- Location of Minturn in Lawrence County, Arkansas
- Coordinates: 35°58′24″N 91°1′44″W﻿ / ﻿35.97333°N 91.02889°W
- Country: United States
- State: Arkansas
- County: Lawrence

Area
- • Total: 0.57 sq mi (1.47 km^{2})
- • Land: 0.57 sq mi (1.47 km^{2})
- • Water: 0 sq mi (0.00 km^{2})
- Elevation: 262 ft (80 m)

Population (2020)
- • Total: 87
- • Estimate (2025): 86
- • Density: 152.9/sq mi (59.03/km^{2})
- Time zone: UTC-6 (Central (CST))
- • Summer (DST): UTC-5 (CDT)
- ZIP code: 72445
- Area code: 870
- FIPS code: 05-46100
- GNIS feature ID: 0058194

= Minturn, Arkansas =

Minturn is a town in Lawrence County, Arkansas, United States. As of the 2020 census, Minturn had a population of 87.

==Geography==
Minturn is located southeast of the center of Lawrence County at (35.973425, -91.028815).

According to the United States Census Bureau, the town has a total area of 1.3 km^{2} (0.5 mi^{2}), all land.

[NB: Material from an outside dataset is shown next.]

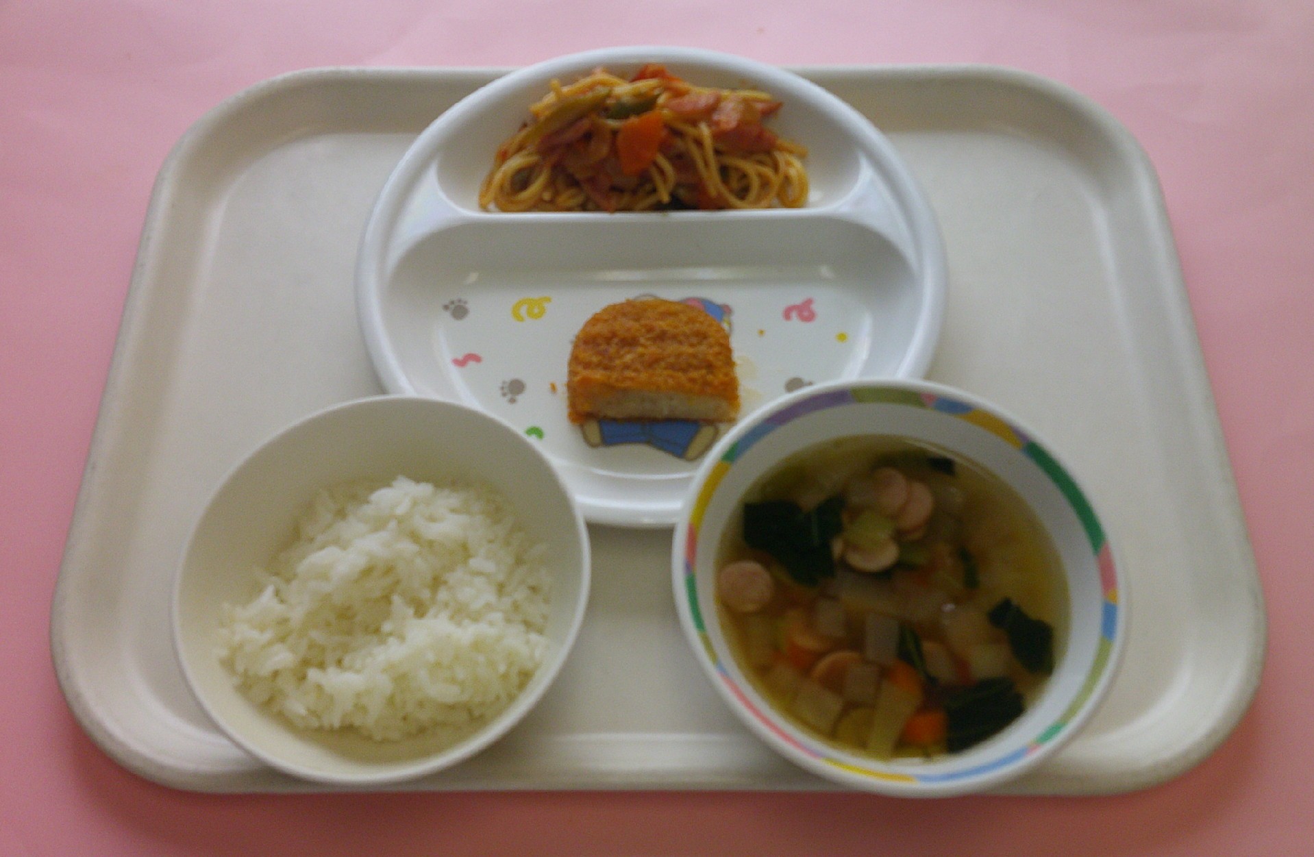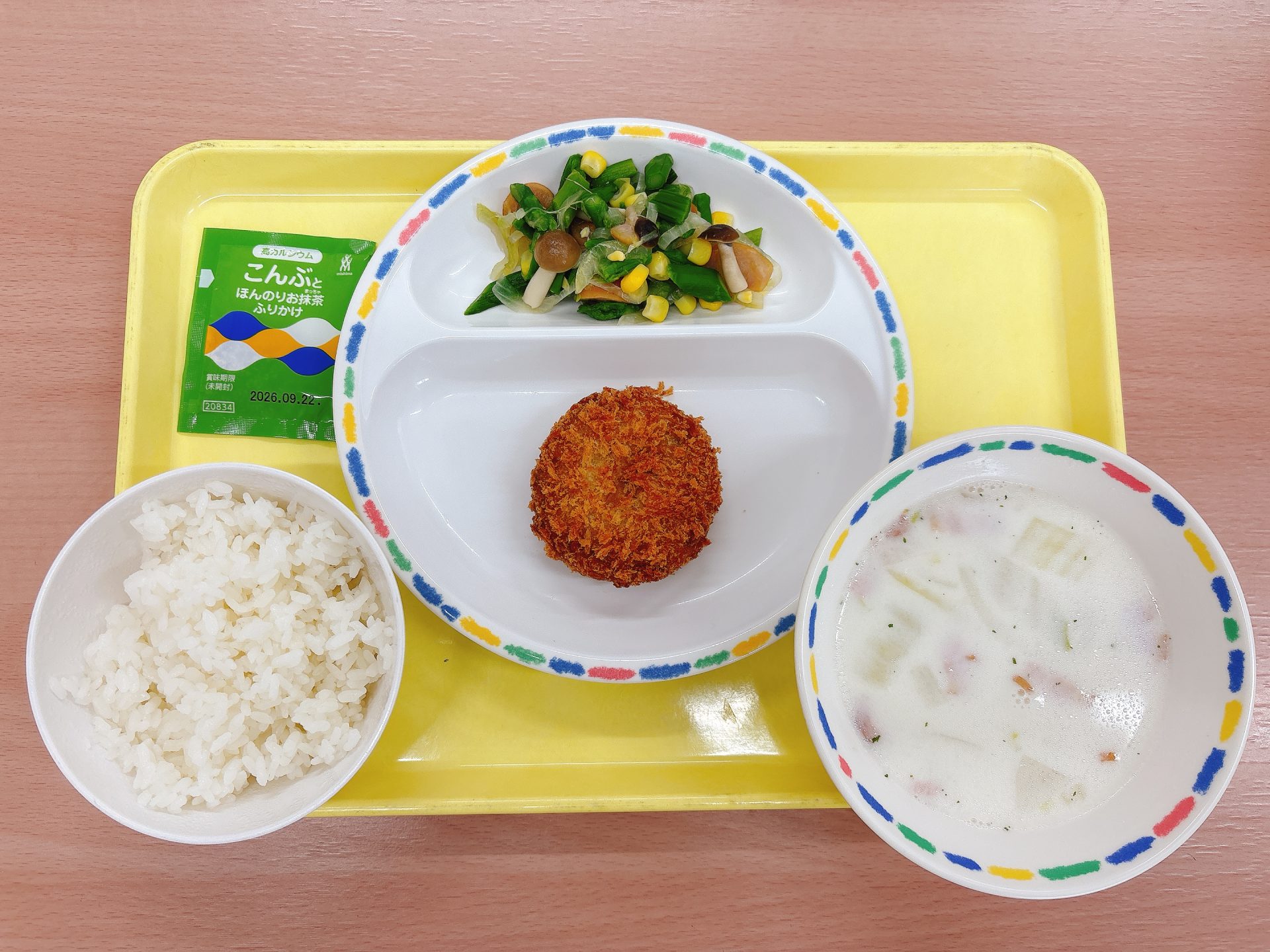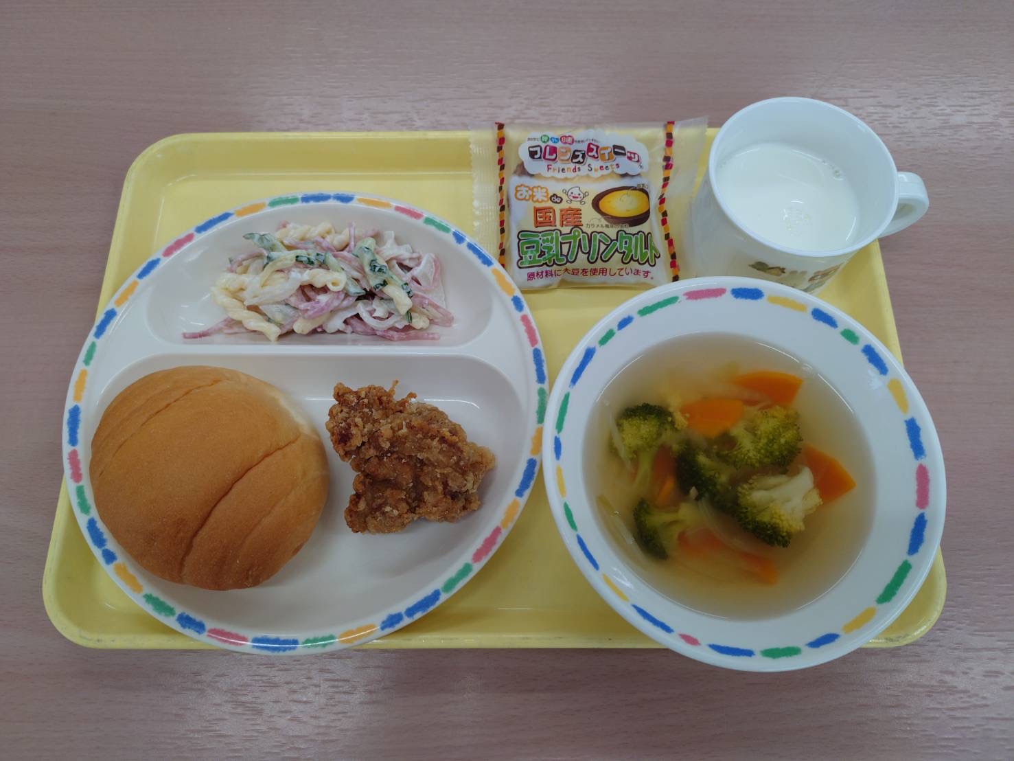 2025年11月12日 本日の給食 ・スフレブレッド・からあげ・ブロッコリーのスープ・マカロニサラダ・牛乳・お米の豆乳プリンタルト 2園リクエストメニュー:今日は2園さんリクエストのからあげ、ブロッコリーのスープ、マカロニサラダ、プリンタルトです🍮

- Arkansas Highway 367 passes through the center of Minturn. It follows the former route of U.S. Route 67, which now passes east of Minturn on a four-lane freeway with no direct access to the town. Highway 367 leads northeast 6 mi to Hoxie and southwest the same distance to Alicia.
- Arkansas Highway 228 leads west 6 mi to a dead end at the Black River.

==Demographics==

As of the census of 2000, there were 114 people, 50 households, and 33 families residing in the town. The population density was 84.6/km^{2} (217.8/mi^{2}). There were 58 housing units at an average density of 43.1/km^{2} (110.8/mi^{2}). The racial makeup of the town was 97.37% White, and 2.63% from two or more races.

There were 50 households, out of which 36.0% had children under the age of 18 living with them, 50.0% were married couples living together, 12.0% had a female householder with no husband present, and 34.0% were non-families. 32.0% of all households were made up of individuals, and 20.0% had someone living alone who was 65 years of age or older. The average household size was 2.28 and the average family size was 2.85.

In the town, the population was spread out, with 28.1% under the age of 18, 6.1% from 18 to 24, 29.8% from 25 to 44, 23.7% from 45 to 64, and 12.3% who were 65 years of age or older. The median age was 34 years. For every 100 females, there were 90.0 males. For every 100 females age 18 and over, there were 82.2 males.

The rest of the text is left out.